Enzymatic reactions (500 μL) were performed in triplicate in propylene tubes (Sarted), containing either 50 mM KH₂PO₄/K₂HPO₄ pH 8.0 or 50 mM bicine pH 9.0, and enzyme at different concentrations (up to 500 nm) except when evaluating the effect of different PET loadings, when up to 4 μM enzyme was used. Where indicated for some experiments, DMSO was added in the reaction at 10 % (v/v) final concentration. Unless specified otherwise, the samples were incubated for 96 h at 30 °C. A sample with PET without enzyme was used as a blank. To stop the reaction, the PET was removed, the solution incubated at 90 °C for 10 min and centrifugated at 15,000 g for 10 min. The released products from the enzymatic reaction, TPA, MHET and BHET were quantified using an Agilent 1260 high pressure liquid chromatography (HPLC) system equipped with diode array detector at a wavelength of 240 nm and using a Phenomenex Luna C18 column, 5 μm, 4.6×150 mm as described previously.¹⁶ A calibration curve was performed with each analyte with concentrations between 3 and 100 ng μL⁻¹ and analyzed with the same conditions than the samples.
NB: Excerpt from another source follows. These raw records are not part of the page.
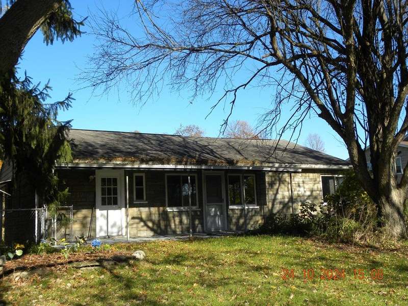 Large stone ranch on a 1+ acre lot. Just off the I86 Chemung exit. Kitchen cabinets, large combination living dining room with fireplace. Full finish-able basement. 100% Money Back Guarantee, there are some terms and conditions that apply.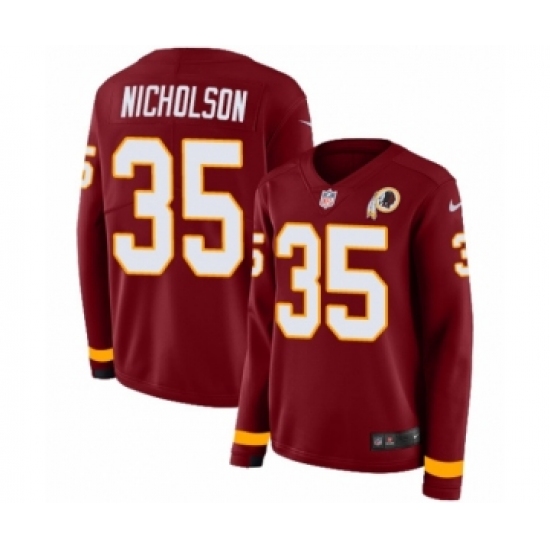 >Women's Nike Washington Redskins #35 Montae Nicholson Limited Burgundy Therma Long Sleeve NFL Jersey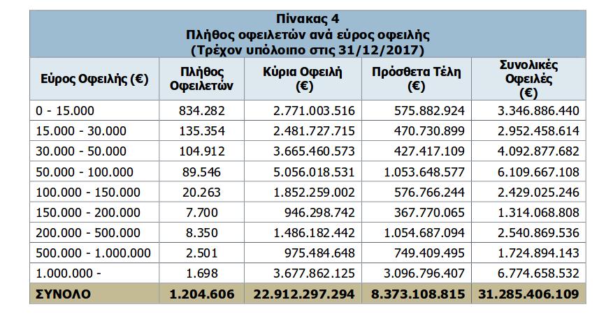 Μεγάλο μέρος του υπολοίπου οφειλών αφορά 89.546 οφειλέτες που έχουν οφειλή από 50.000- 100.000 ευρώ (περίπου 20% του τρέχοντος υπολοίπου)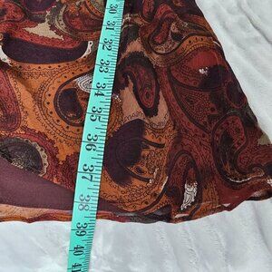 No visible tags were found. Please see measurements. Approx. M/L size. Material feels light, chiffon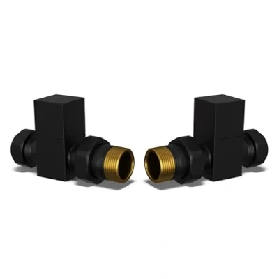 UK Radiators Square Black Radiator Valve Pair Matt Finish Classy and Modern Design 1/2" x 15mm Straight of Valves

Biochemical assays using monomer substrates

For determination of MHET and BHET hydrolysis rates, reactions were performed in triplicate using 2 mM substrate and 100 nm (for MHET hydrolysis) or 10 nm (for BHET hydrolysis) of IsPETase concentration in a reaction comprising 98 % (v/v) 50 mM KH₂PO₄/K₂HPO₄ pH 8.0, 2 % (v/v) DMSO, at 30 °C. BHET and MHET were solubilized in 100 % (v/v) DMSO before addition to the reaction mixture. Reactions were terminated using an equal volume of 100 % methanol. Product and substrate were quantified by HPLC. The apparent turnover rate (k_cat) was calculated using either the concentration of TPA produced in the case of MHET hydrolysis, or the sum of MHET and TPA produced in the case of BHET hydrolysis.